I'd really like to use einsum more often, because it allows me to code my expressions the same way I derive them on pen and paper. Unfortunately, as mentioned in the article, it's slow, because it converts your formula to a for loop.

So usually, I rewrite my formulas into messy combinations of broadcasts, transposes and array multiplications. Is there a package or an algorithm that does this conversion automatically? It seems to be a pretty straightforward problem, at least for most expressions I use.

catgary · 4 years ago

The Tullio library in Julia is a pretty fantastic option for Einstein summation. It’s performance is great, it generates CUDA kernels, and does some clever tricks for automatic differentiation. It’s also a bit more readable than numpy’s einsum function, since you just write:

  @tullio C[i,j] := A[i,k] * B[k,j]

whimsicalism · 4 years ago

Are there any benchmarks comparing Tullio generated kernels from einsum with an equivalent NVIDIA kernel?

shaklee3 · 4 years ago

it's highly unlikely that the performance will be great on GPU if it generates its own kernels. cutensor has been hand optimized to do exactly these types of operations in a way emitting a kernel automatically can't do.

rowanG077 · 4 years ago

Damn that notation is super awesome. basically self explanatory.

enriquto · 4 years ago

Just use C or C++ or fortran or julia or even lua.

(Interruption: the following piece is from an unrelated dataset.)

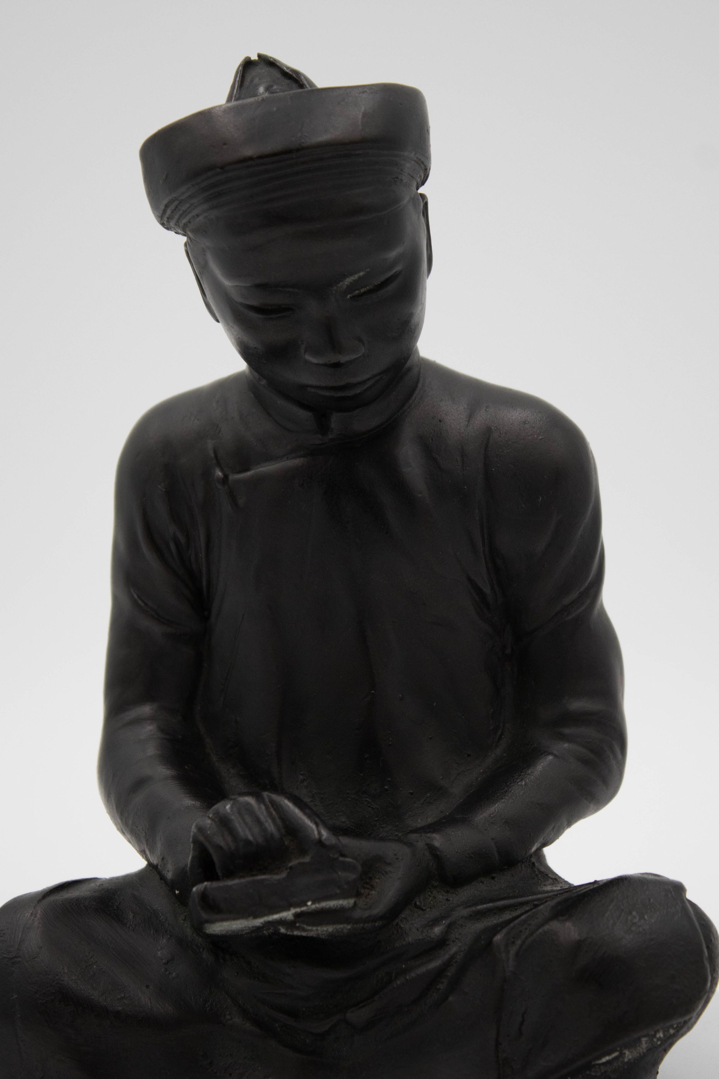 Cast statue of a man reading a book while seated. The statue is made of a mixture of cement and a slurry. The statue is similar to a pair of bookends produced by Austin Productions in 1961. The pair of statues are called “The Scholars,” and include a scribe and mathematician. This one would be the scribe.Context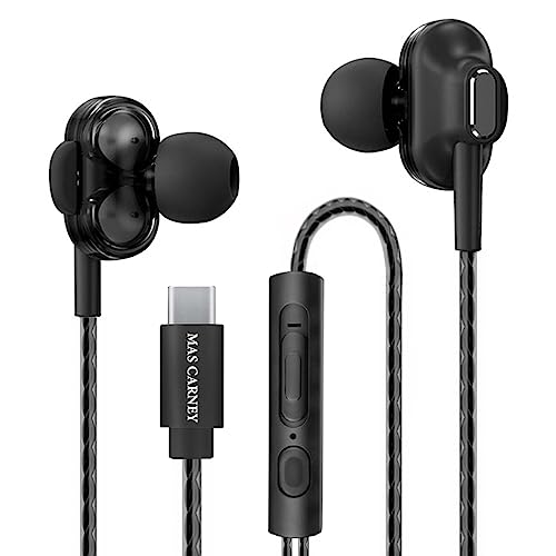 MAS CARNEY USB C Hörlurar TI9, Dubbel Högtalarsystem, Inbyggd Digital Chipset, Mikrofon, Fjärrkontroll, In-Ear-Telefoner Kompatibla med Smartphones Samsung, Huawei, OPPO, Google Pixel, iPad, Svart

The issue of "slow loops" is entirely self-inflicted by some languages. It's getting ridiculous to still worry about this shit in 2022.

Simple loops can and should be just as fast as vectorized programs. When they are slower, it is 100% due to deliberate decisions by the language dessigners

thrownawayalre · 4 years ago

But BLAS is much more than 3 loops for matrix-matrix multiplication.

https://stackoverflow.com/questions/1303182/how-does-blas-ge...

Why turn your back on all the carefully crafted optimizations?

kzrdude · 4 years ago

I agree. At least some faster-cpython work is going on, does anyone know if there are aggregate updates on that, like performance progress reports?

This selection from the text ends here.